REQUIREMENT: All entries are to be reproduced exactly; the pictures are to be omitted.

DATA IN THIS EXERCISE:
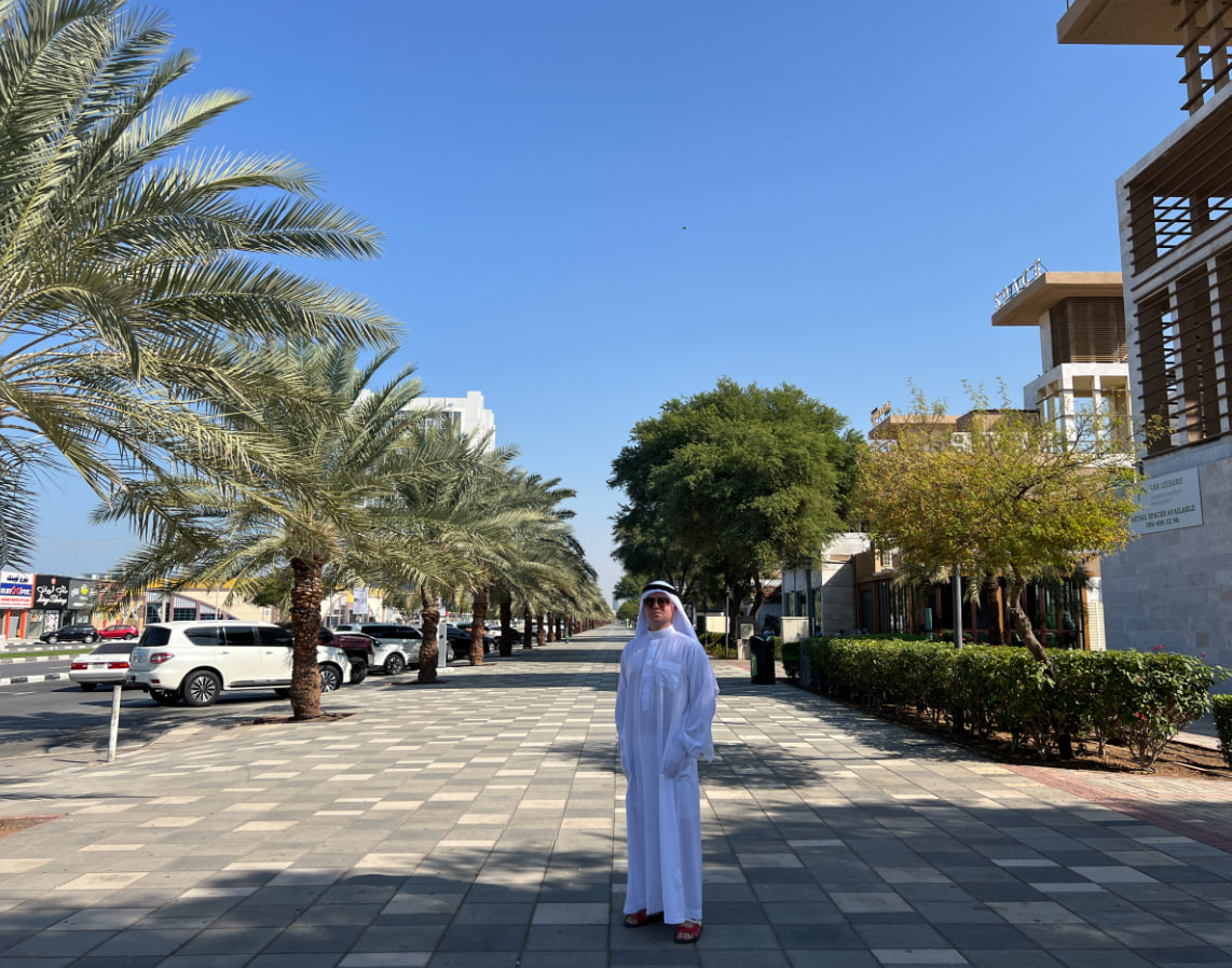 И вот я, «звезда», в традиционном арабском наряде, дефилирую по шикарной набережной Рас-эль-Хайма, а супруга, как мотылёк, кружила вокруг со вспышкой фотоаппарата, ловя каждый момент этого импровизированного фотосета — чтобы зафиксировать на долгую память и передать вам атмосферу происходящей суеты-красоты в этом маленьком, но таком уютном, чистом, гостеприимном и заботливом эмирате.
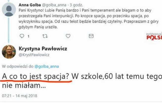 Pod jednym z wpisów, w którym posłanka Pawłowicz wykazała się swobodą w traktowaniu zasad języka polskiego, internautka deklarująca się jako zwolenniczka posłanki
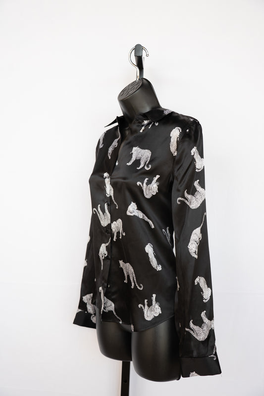 L'Agence Black Silk Long Sleeve Button Down Blouse w/ Leopards NWT
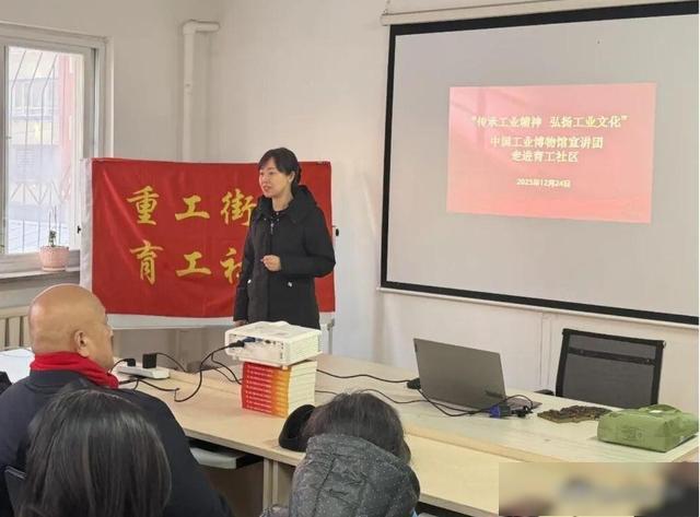 近日,中国(沈阳)工业博物馆开展“传承工业精神,弘扬工业文化”主题宣讲活动,由馆内讲解员、志愿者组成的“工博宣讲团”走进育工社区,将承载着工业记忆的文化课堂送到居民家门口。
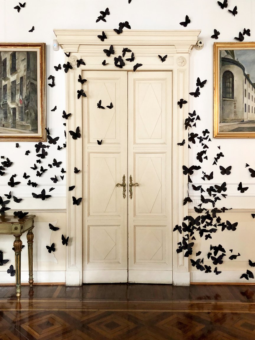 We wouldn’t usually classify butterflies as scary. But fill a home with 15,000 of them, all black, and you’re bound to be a little frightened. This we learned from artist Carlos Amorales, whose exhibition at Salone del Mobile Milano in 2019, dubbed “The Accursed Hour,” still has us spooked. He covered the walls of the grand Fondazione Adolfo Pini building with swarms of paper insects (staircase and ceiling included). Our first thought when we saw the showcase: We can’t wait to try this at Halloween.
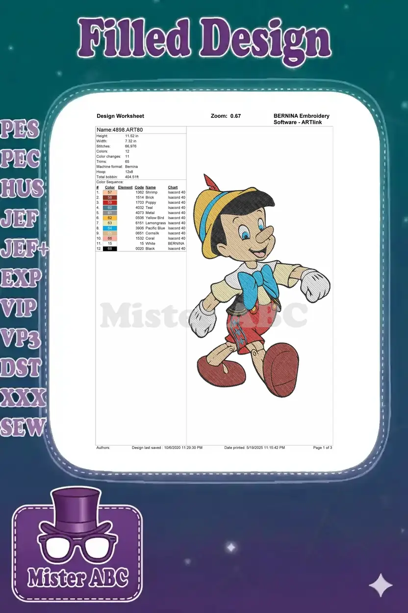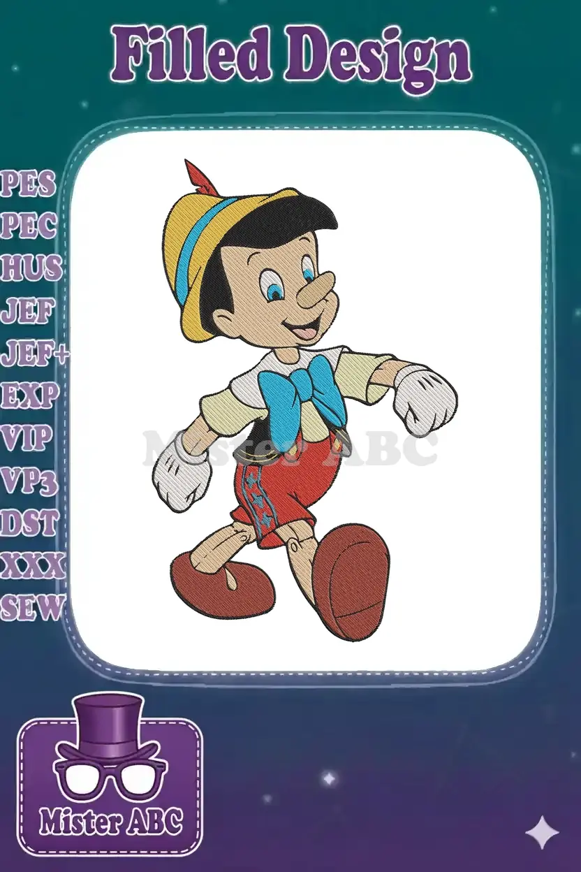 Classic Pinocchio smiling joyful walking Disney cartoon embroidery designs
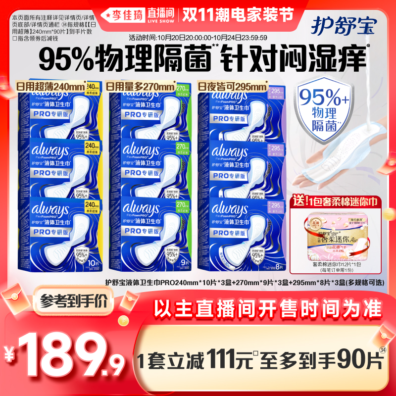 【李佳琦直播间潮电家装节】护舒宝物理隔菌液体卫生巾PRO姨妈巾

ANSWER TO THIS TASK:
 И вот я, «звезда», в традиционном арабском наряде, дефилирую по шикарной набережной Рас-эль-Хайма, а супруга, как мотылёк, кружила вокруг со вспышкой фотоаппарата, ловя каждый момент этого импровизированного фотосета — чтобы зафиксировать на долгую память и передать вам атмосферу происходящей суеты-красоты в этом маленьком, но таком уютном, чистом, гостеприимном и заботливом эмирате.
 Pod jednym z wpisów, w którym posłanka Pawłowicz wykazała się swobodą w traktowaniu zasad języka polskiego, internautka deklarująca się jako zwolenniczka posłanki
 L'Agence Black Silk Long Sleeve Button Down Blouse w/ Leopards NWT
 近日,中国(沈阳)工业博物馆开展“传承工业精神,弘扬工业文化”主题宣讲活动,由馆内讲解员、志愿者组成的“工博宣讲团”走进育工社区,将承载着工业记忆的文化课堂送到居民家门口。
 We wouldn’t usually classify butterflies as scary. But fill a home with 15,000 of them, all black, and you’re bound to be a little frightened. This we learned from artist Carlos Amorales, whose exhibition at Salone del Mobile Milano in 2019, dubbed “The Accursed Hour,” still has us spooked. He covered the walls of the grand Fondazione Adolfo Pini building with swarms of paper insects (staircase and ceiling included). Our first thought when we saw the showcase: We can’t wait to try this at Halloween.
 Classic Pinocchio smiling joyful walking Disney cartoon embroidery designs
 【李佳琦直播间潮电家装节】护舒宝物理隔菌液体卫生巾PRO姨妈巾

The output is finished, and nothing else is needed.